-- What you should do --
Please copy the last part of the entries exactly: the line that has "La Cofradía de" and every line up to and including the end, nothing more.
=== Records provided ===
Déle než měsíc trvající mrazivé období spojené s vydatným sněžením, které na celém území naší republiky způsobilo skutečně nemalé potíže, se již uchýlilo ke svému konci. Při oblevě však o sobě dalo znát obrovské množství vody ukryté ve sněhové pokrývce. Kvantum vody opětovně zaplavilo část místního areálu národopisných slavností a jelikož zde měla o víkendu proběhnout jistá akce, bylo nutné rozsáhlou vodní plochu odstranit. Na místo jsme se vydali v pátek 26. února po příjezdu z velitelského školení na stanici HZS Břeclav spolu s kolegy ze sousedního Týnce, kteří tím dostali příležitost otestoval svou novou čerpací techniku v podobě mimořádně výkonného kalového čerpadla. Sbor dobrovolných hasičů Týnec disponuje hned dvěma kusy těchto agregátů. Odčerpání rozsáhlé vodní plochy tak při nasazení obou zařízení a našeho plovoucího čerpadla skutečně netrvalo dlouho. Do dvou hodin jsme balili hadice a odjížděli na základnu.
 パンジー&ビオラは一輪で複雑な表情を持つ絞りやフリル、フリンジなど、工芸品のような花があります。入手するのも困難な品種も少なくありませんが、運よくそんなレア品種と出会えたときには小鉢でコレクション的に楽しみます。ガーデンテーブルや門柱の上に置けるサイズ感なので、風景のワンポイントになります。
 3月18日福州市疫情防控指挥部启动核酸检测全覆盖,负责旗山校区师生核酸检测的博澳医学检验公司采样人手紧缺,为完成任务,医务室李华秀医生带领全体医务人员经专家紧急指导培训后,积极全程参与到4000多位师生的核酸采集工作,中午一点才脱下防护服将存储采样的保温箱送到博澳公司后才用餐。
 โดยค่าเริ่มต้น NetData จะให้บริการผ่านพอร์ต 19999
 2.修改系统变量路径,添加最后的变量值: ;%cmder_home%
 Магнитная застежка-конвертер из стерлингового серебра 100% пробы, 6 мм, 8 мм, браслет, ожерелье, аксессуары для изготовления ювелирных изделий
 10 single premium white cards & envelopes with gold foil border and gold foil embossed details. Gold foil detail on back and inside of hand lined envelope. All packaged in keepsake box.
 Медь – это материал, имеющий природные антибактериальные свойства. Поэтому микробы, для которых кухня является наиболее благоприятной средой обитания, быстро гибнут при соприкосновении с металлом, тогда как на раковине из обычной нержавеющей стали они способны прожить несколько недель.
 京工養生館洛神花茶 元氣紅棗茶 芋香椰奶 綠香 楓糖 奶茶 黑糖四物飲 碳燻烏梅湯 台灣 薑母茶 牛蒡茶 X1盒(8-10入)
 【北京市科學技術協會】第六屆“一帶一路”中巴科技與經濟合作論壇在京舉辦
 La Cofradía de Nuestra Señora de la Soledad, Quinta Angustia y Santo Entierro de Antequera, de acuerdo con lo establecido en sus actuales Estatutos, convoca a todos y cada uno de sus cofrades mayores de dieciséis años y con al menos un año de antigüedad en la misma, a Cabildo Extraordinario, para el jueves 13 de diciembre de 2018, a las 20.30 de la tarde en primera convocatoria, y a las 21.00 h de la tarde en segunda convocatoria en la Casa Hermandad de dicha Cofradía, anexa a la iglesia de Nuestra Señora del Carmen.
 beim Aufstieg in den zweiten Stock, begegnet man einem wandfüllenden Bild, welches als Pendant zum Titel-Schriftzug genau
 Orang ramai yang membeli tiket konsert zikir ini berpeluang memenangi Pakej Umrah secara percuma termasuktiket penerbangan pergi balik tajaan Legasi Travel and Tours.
===
-- Task result --
 La Cofradía de Nuestra Señora de la Soledad, Quinta Angustia y Santo Entierro de Antequera, de acuerdo con lo establecido en sus actuales Estatutos, convoca a todos y cada uno de sus cofrades mayores de dieciséis años y con al menos un año de antigüedad en la misma, a Cabildo Extraordinario, para el jueves 13 de diciembre de 2018, a las 20.30 de la tarde en primera convocatoria, y a las 21.00 h de la tarde en segunda convocatoria en la Casa Hermandad de dicha Cofradía, anexa a la iglesia de Nuestra Señora del Carmen.
 beim Aufstieg in den zweiten Stock, begegnet man einem wandfüllenden Bild, welches als Pendant zum Titel-Schriftzug genau
 Orang ramai yang membeli tiket konsert zikir ini berpeluang memenangi Pakej Umrah secara percuma termasuktiket penerbangan pergi balik tajaan Legasi Travel and Tours.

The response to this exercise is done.